Quindi, di che stiamo parlando, esattamente? Del nulla. Il decreto dignità non aumenta l’occupazione netta e la demografia tende ad aumentare il tasso di occupazione.

Veniamo all’altra affermazione della Catalfo, quella secondo cui il calo degli inattivi sarebbe imputabile alle misure contenute nel reddito di cittadinanza. Niente meno. Immagino che il ragionamento (chiamiamolo così) parta dalla premessa che il reddito di cittadinanza prevede che gli inattivi si iscrivano al collocamento, almeno quelli tra loro che sono idonei ad essere occupati. Quindi, meno inattivi e più disoccupati. Del resto, questa è la geniale teoria del presidente Inps, Pasquale Tridico, per far crescere l’output gap italiano e farci avere più deficit. Almeno, così lui crede.
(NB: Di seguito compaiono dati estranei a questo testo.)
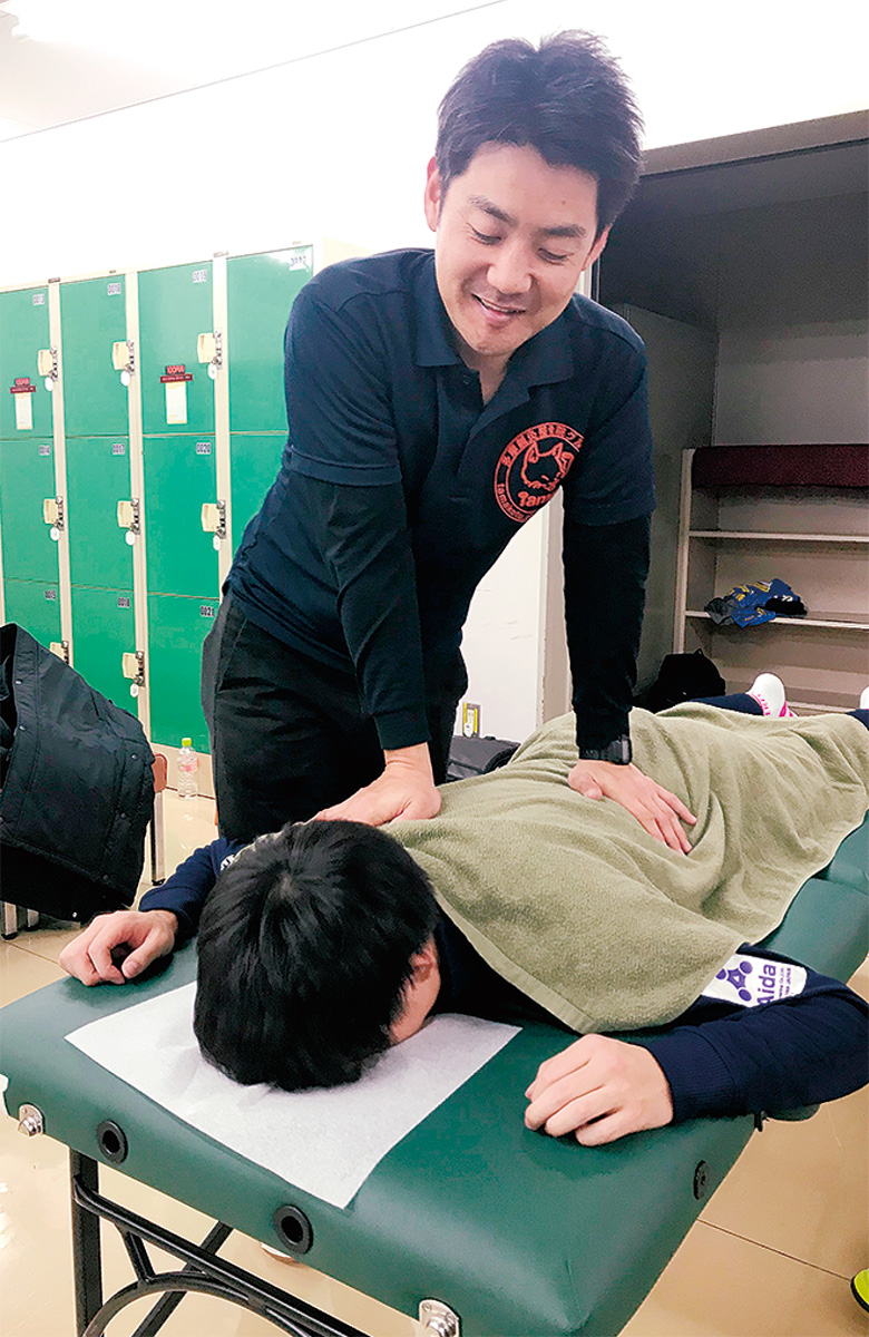 その中で昨季準優勝した岡山リベッツの選手の体をサポートしているのが、多摩鍼灸整骨院高倉本院(高倉町/【電話】042・645・5096)の矢崎伸治さんだ。昨季から関東圏で試合がある場合(立川や春日部など)に出張して施術している。

Ebbene, andiamo a verificare cosa è accaduto ai disoccupati. In che periodo? Dovremmo capire da quando è iniziato il periodo di effettiva presa in carico dei beneficiari occupabili. Facciamo da aprile 2019? Aggiudicato.

Ebbene, ad aprile i disoccupati erano 2,621 milioni, e gli inattivi erano 13,181 milioni. A novembre, i disoccupati erano 2,535 milioni e gli inattivi 13,055 milioni. Quindi, con un complesso algoritmo, tra aprile e novembre abbiamo 86 mila disoccupati in meno, e 126 mila inattivi in meno.

Come dire che non si rinviene traccia di questo massivo travaso tra inattivi e disoccupati (iscritti al collocamento) che il reddito di cittadinanza postula. Non solo questo, ma il calo degli inattivi neppure riesce a produrre un aumento in valore assoluto dei disoccupati, che invece calano a loro volta!

Si è convinta, ministra Catalfo? Per il futuro promette di analizzare i numeri prima di lanciare proclami privi di senso? No, vero? Non mi illudevo, infatti.